REQUIRED WORK: Give the data below again exactly as written, but without the pictures.

RECORDS FOR THIS TASK section start

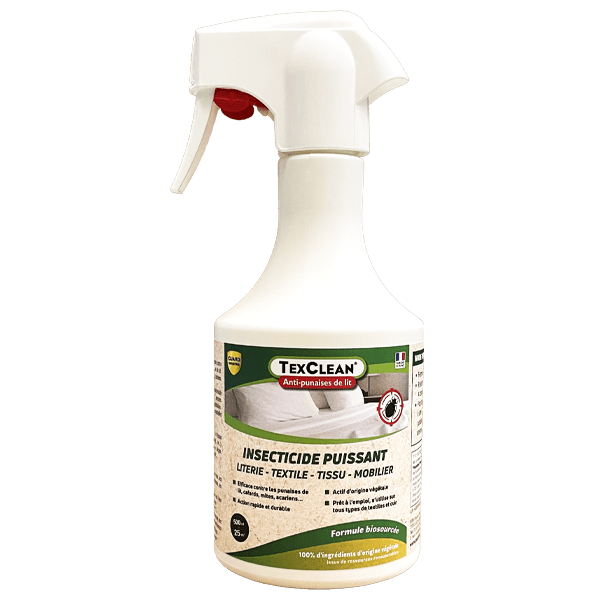 TexClean® combină insecticide chimice testate cu repelente naturale, având o eficiență ridicată împotriva ploșnițelor, căpușelor, dar și a altor insecte precum păduchi, molii, păianjen roșu, gândaci sau acarieni. În plus, citronella respinge țânțarii, muștele și furnicile, contribuind la o protecție completă a locuinței. Formula sa este sigură pentru textile și suprafețe dure, fiind ideală pentru dormitoare, sufragerii și spații interioare.
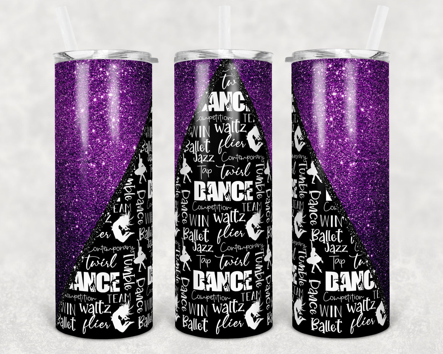 20 oz Skinny Tumbler purple Glitter Dance Dancing Sublimation Design Personalize
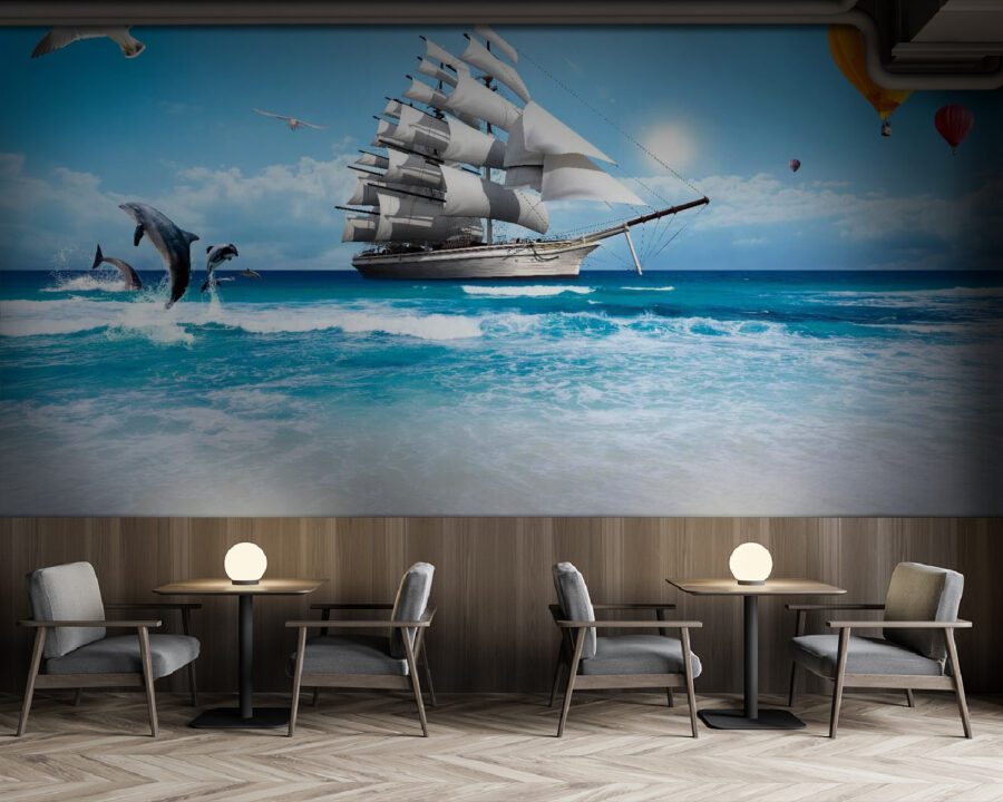 Φωτίστε ένα δωμάτιο με τη μαγευτική ατμόσφαιρα αυτής της τοιχογραφίας με τα κόκκινα αερόστατα που χορεύουν στον ουρανό! Φανταστείτε να μπαίνετε στο χώρο σας και να σας υποδέχεται μια βουτιά χρώματος και ιδιοτροπίας. Είναι σαν να έχετε μια μίνι-διακοπή κάθε μέρα, ακριβώς στον τοίχο σας. Ιδανικό για όποιον ονειρεύεται να πετάξει ψηλά και να αγκαλιάσει την περιπέτεια. Φανταστείτε να πίνετε τον πρωινό σας καφέ, ενώ η γαλήνια ομορφιά μιας παραθαλάσσιας ατμόσφαιρας αιχμαλωτίζει την καρδιά σας. Και ας είμαστε ειλικρινείς – σε ποιον δεν θα άρεσε ένας ιδιόρρυθμος γλάρος ή ένα παιχνιδιάρικο δελφίνι να κάνουν την εμφάνισή τους σε αυτή την απολαυστική σκηνή; Είναι εγγυημένο ότι θα προκαλέσει χαρά και θα πυροδοτήσει τη φαντασία. Οι τοίχοι σας δεν θα φαίνονται ποτέ ξανά άχαροι!
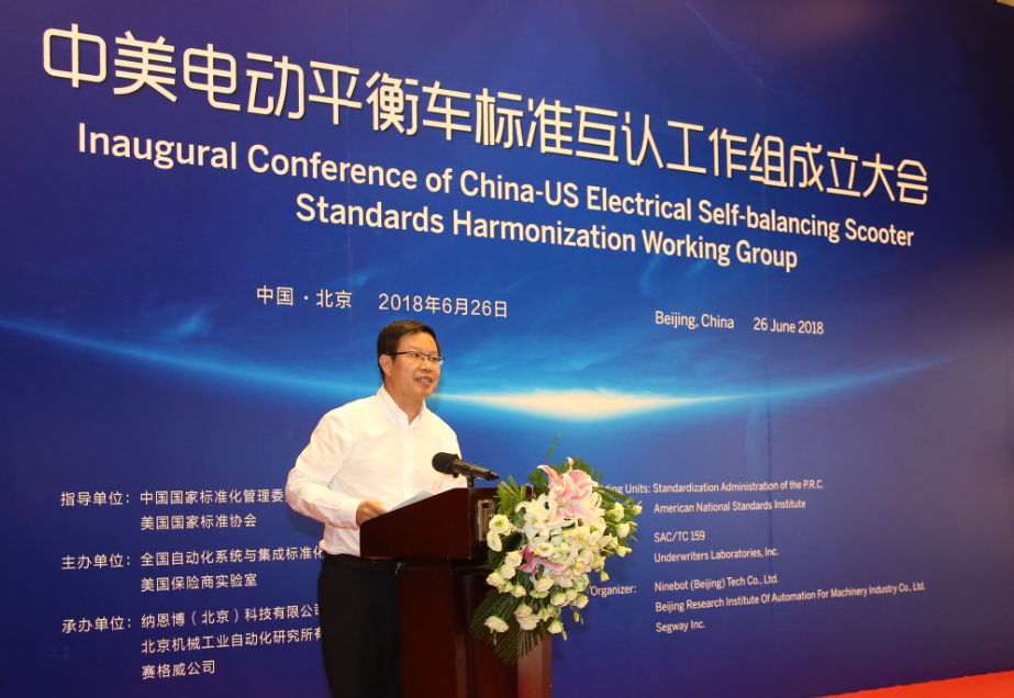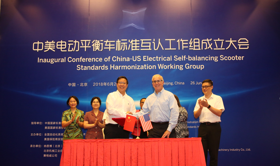 6月26日,中美电动平衡车标准互认工作组成立大会在北京唯实大厦成功举行。全国自动化系统与集成标准化技术委员会主任委员、米兰体育(中国)总院集团董事长王德成与美国保险商实验室全球副总裁 Philip M.Piqueira分别代表中美双方签署电动平衡车标准互认合作协议。中国国家标准化管理委员会副主任殷明汉、IEC美国国家委员会副主席Sonya Bird、美国大使馆参赞Cynthia Griffin、北京航空航天大学教授王田苗、全国自动化系统与集成标准化技术委员会秘书长黎晓东、Segway-Ninebot公司总裁王野等领导及电动平衡车国家标准起草组专家出席会议,共同见证了中美两国标准化合作的历史时刻。
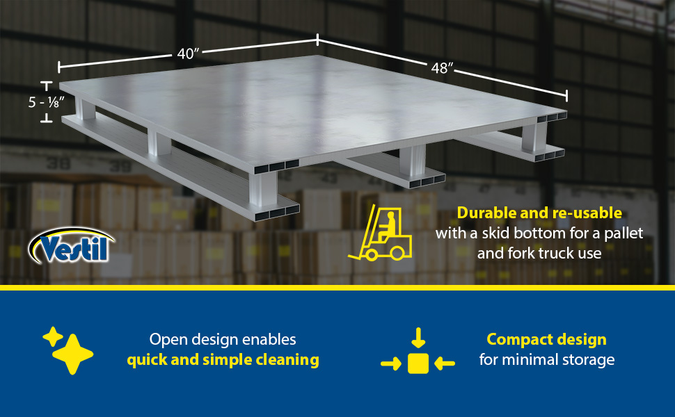 | Aluminum Heavy Duty Solid Top Pallet 48 In. x 40-1/8 In. x 6 In. 6000 Lb. Capacity Silver | Static Capacity (in.): 6,000 Dynamic Capacity (in.): 4,000 | 113 |
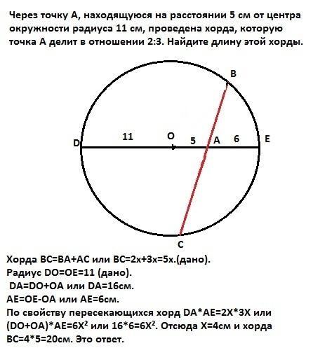 Через точку A, находящуюся на расстоянии 5 см от центра окружности радиуса 11 см, проведена хорда, которую точка A делит на отрезки, длины которых относятся как 2 : 3. Найдите длину этой хорды. Решите пожалуйста очень кратко и понятно
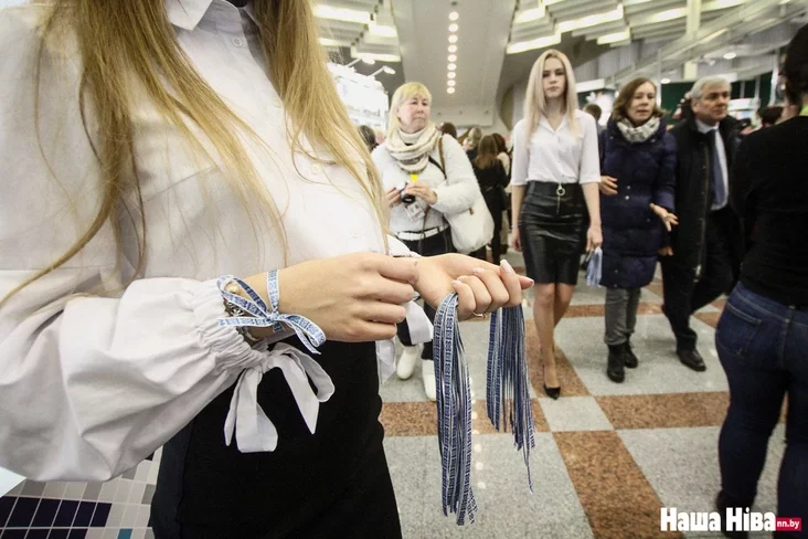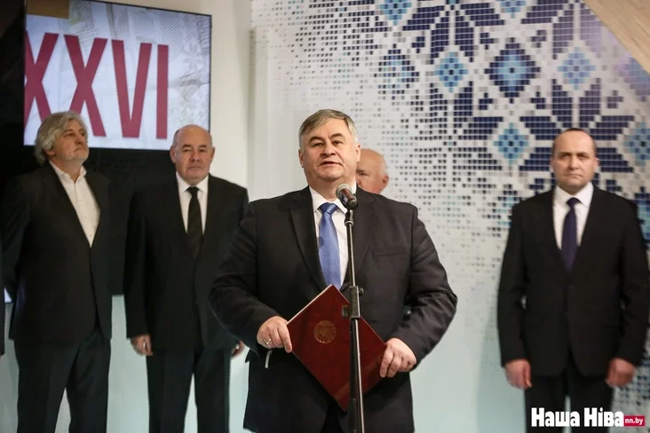 После стихов и песен с белорусского языка перешли на русский. Приветствие от президента зачитал заместитель главы Администрации Владимир Жевняк. Именно он теперь отвечает за идеологию. «Он в Хойниках родился, у него отец был заместителем начальника милиции. А после Чернобыля уже разъехались», — слышно, как про Владимира Жевняка рассказывает кто-то в задних рядах.
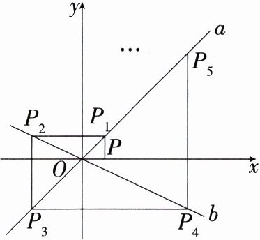 20.推理能力 如图,已知直线$a:y = x$,直线$b:y=-\frac{1}{2}x$和点$P(1,0)$,过点P作y轴的平行线交直线a于点$P_{1}$,过点$P_{1}$作x轴的平行线交直线b于点$P_{2}$,过点$P_{2}$作y轴的平行线交直线a于点$P_{3}$,过点$P_{3}$作x轴的平行线交直线b于点$P_{4}$,……,按此作法进行下去,点$P_{2024}$的横坐标为_______.
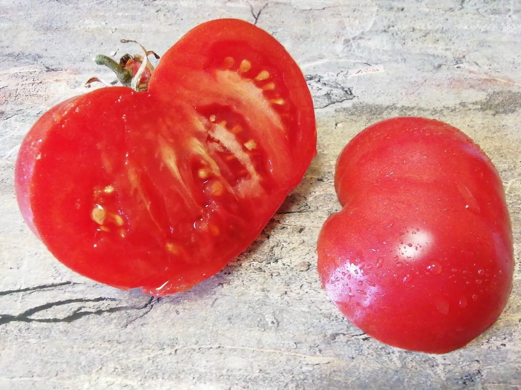 Мякоть очень плотная, многокамерная и исключительно мясистая, с так называемым сахаристым изломом. Семенных камер и самих семян внутри немного. Кожица имеет среднюю плотность: она надежно защищает плод от растрескивания при грамотном поливе и обеспечивает достаточную для крупноплодного томата транспортабельность, не создавая ощущения жесткости.
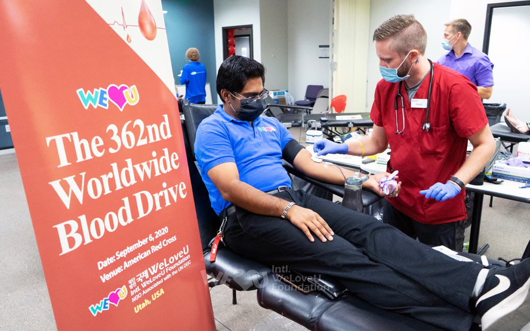 Amid the pandemic, many people require blood transfusions, but the number of blood donors has dropped sharply due to fear of the virus. Although blood shortage has become serious, the government of each country cannot help but regretfully accept their situation. The members of the Intl. WeLoveU Foundation (hereinafter referred to as the WeLoveU ) in the U.S., Brazil, and New Zealand rolled up their sleeves, hoping that others too would voluntarily donate blood. In the second half of 2020, they continued the noble act of sharing their lives by carrying out blood drives while adhering to COVID-19 preventative measures. They said people should continue to donate blood even in a small scale in order to save people in danger.
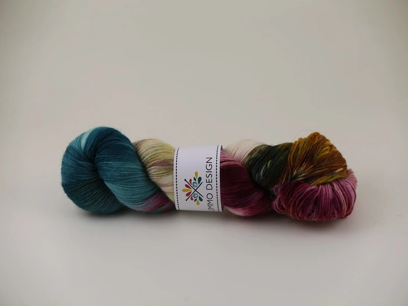 Tunt handfärgat sockgarn. En härva innehåller 100g, ca 420m. 75% ull 25% polyamid ger ett lättstickat och slitstarkt garn som är mycket drygt. Stickor 2,5-3mm
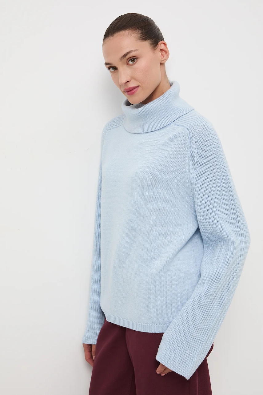 Medicine sweter z wełny merino kolor niebieski z golfem
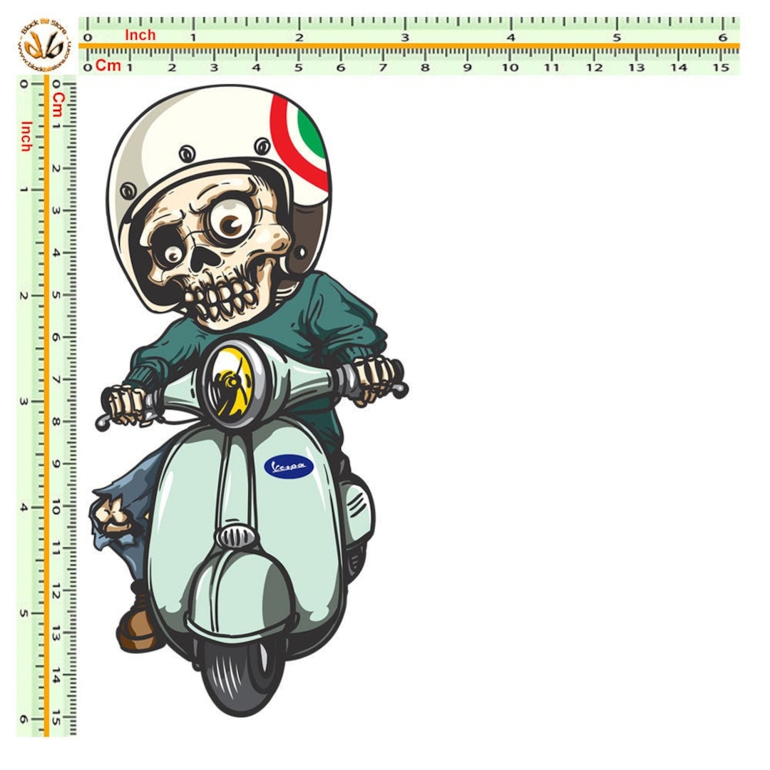 Un autocollant vinyl de qualité, au design trop stylé : un crâne motard chevauchant une Vespa ! Finition brillante, résistant aux intempéries. Fabriqué en Australie, garanti 3 ans. Adhésif fort, facile à poser sur toute surface lisse. Parfait pour personnaliser votre voiture, bumper, vitre, caravane, van, skateboard, casque, frigo, ordinateur portable… Presque partout où vous voulez ajouter une touche rock, rétro ou rebelle. Marque générique, mais la qualité est là. Vendu neuf, dans son emballage. Dimensions moyennes (environ 10-15 cm), mais vérifiez les photos pour l'échelle. Un cadeau sympa pour un fan de scooters, de crânes, ou pour vous-même ! Livraison avec le sticker. Collez-le, et roulez !

RECORDS FOR THIS TASK section end

RESPONSE TO THIS EXERCISE:
 TexClean® combină insecticide chimice testate cu repelente naturale, având o eficiență ridicată împotriva ploșnițelor, căpușelor, dar și a altor insecte precum păduchi, molii, păianjen roșu, gândaci sau acarieni. În plus, citronella respinge țânțarii, muștele și furnicile, contribuind la o protecție completă a locuinței. Formula sa este sigură pentru textile și suprafețe dure, fiind ideală pentru dormitoare, sufragerii și spații interioare.
 20 oz Skinny Tumbler purple Glitter Dance Dancing Sublimation Design Personalize
 Φωτίστε ένα δωμάτιο με τη μαγευτική ατμόσφαιρα αυτής της τοιχογραφίας με τα κόκκινα αερόστατα που χορεύουν στον ουρανό! Φανταστείτε να μπαίνετε στο χώρο σας και να σας υποδέχεται μια βουτιά χρώματος και ιδιοτροπίας. Είναι σαν να έχετε μια μίνι-διακοπή κάθε μέρα, ακριβώς στον τοίχο σας. Ιδανικό για όποιον ονειρεύεται να πετάξει ψηλά και να αγκαλιάσει την περιπέτεια. Φανταστείτε να πίνετε τον πρωινό σας καφέ, ενώ η γαλήνια ομορφιά μιας παραθαλάσσιας ατμόσφαιρας αιχμαλωτίζει την καρδιά σας. Και ας είμαστε ειλικρινείς – σε ποιον δεν θα άρεσε ένας ιδιόρρυθμος γλάρος ή ένα παιχνιδιάρικο δελφίνι να κάνουν την εμφάνισή τους σε αυτή την απολαυστική σκηνή; Είναι εγγυημένο ότι θα προκαλέσει χαρά και θα πυροδοτήσει τη φαντασία. Οι τοίχοι σας δεν θα φαίνονται ποτέ ξανά άχαροι!
 6月26日,中美电动平衡车标准互认工作组成立大会在北京唯实大厦成功举行。全国自动化系统与集成标准化技术委员会主任委员、米兰体育(中国)总院集团董事长王德成与美国保险商实验室全球副总裁 Philip M.Piqueira分别代表中美双方签署电动平衡车标准互认合作协议。中国国家标准化管理委员会副主任殷明汉、IEC美国国家委员会副主席Sonya Bird、美国大使馆参赞Cynthia Griffin、北京航空航天大学教授王田苗、全国自动化系统与集成标准化技术委员会秘书长黎晓东、Segway-Ninebot公司总裁王野等领导及电动平衡车国家标准起草组专家出席会议,共同见证了中美两国标准化合作的历史时刻。
 | Aluminum Heavy Duty Solid Top Pallet 48 In. x 40-1/8 In. x 6 In. 6000 Lb. Capacity Silver | Static Capacity (in.): 6,000 Dynamic Capacity (in.): 4,000 | 113 |
 Через точку A, находящуюся на расстоянии 5 см от центра окружности радиуса 11 см, проведена хорда, которую точка A делит на отрезки, длины которых относятся как 2 : 3. Найдите длину этой хорды. Решите пожалуйста очень кратко и понятно
 После стихов и песен с белорусского языка перешли на русский. Приветствие от президента зачитал заместитель главы Администрации Владимир Жевняк. Именно он теперь отвечает за идеологию. «Он в Хойниках родился, у него отец был заместителем начальника милиции. А после Чернобыля уже разъехались», — слышно, как про Владимира Жевняка рассказывает кто-то в задних рядах.
 20.推理能力 如图,已知直线$a:y = x$,直线$b:y=-\frac{1}{2}x$和点$P(1,0)$,过点P作y轴的平行线交直线a于点$P_{1}$,过点$P_{1}$作x轴的平行线交直线b于点$P_{2}$,过点$P_{2}$作y轴的平行线交直线a于点$P_{3}$,过点$P_{3}$作x轴的平行线交直线b于点$P_{4}$,……,按此作法进行下去,点$P_{2024}$的横坐标为_______.
 Мякоть очень плотная, многокамерная и исключительно мясистая, с так называемым сахаристым изломом. Семенных камер и самих семян внутри немного. Кожица имеет среднюю плотность: она надежно защищает плод от растрескивания при грамотном поливе и обеспечивает достаточную для крупноплодного томата транспортабельность, не создавая ощущения жесткости.
 Amid the pandemic, many people require blood transfusions, but the number of blood donors has dropped sharply due to fear of the virus. Although blood shortage has become serious, the government of each country cannot help but regretfully accept their situation. The members of the Intl. WeLoveU Foundation (hereinafter referred to as the WeLoveU ) in the U.S., Brazil, and New Zealand rolled up their sleeves, hoping that others too would voluntarily donate blood. In the second half of 2020, they continued the noble act of sharing their lives by carrying out blood drives while adhering to COVID-19 preventative measures. They said people should continue to donate blood even in a small scale in order to save people in danger.
 Tunt handfärgat sockgarn. En härva innehåller 100g, ca 420m. 75% ull 25% polyamid ger ett lättstickat och slitstarkt garn som är mycket drygt. Stickor 2,5-3mm
 Medicine sweter z wełny merino kolor niebieski z golfem
 Un autocollant vinyl de qualité, au design trop stylé : un crâne motard chevauchant une Vespa ! Finition brillante, résistant aux intempéries. Fabriqué en Australie, garanti 3 ans. Adhésif fort, facile à poser sur toute surface lisse. Parfait pour personnaliser votre voiture, bumper, vitre, caravane, van, skateboard, casque, frigo, ordinateur portable… Presque partout où vous voulez ajouter une touche rock, rétro ou rebelle. Marque générique, mais la qualité est là. Vendu neuf, dans son emballage. Dimensions moyennes (environ 10-15 cm), mais vérifiez les photos pour l'échelle. Un cadeau sympa pour un fan de scooters, de crânes, ou pour vous-même ! Livraison avec le sticker. Collez-le, et roulez !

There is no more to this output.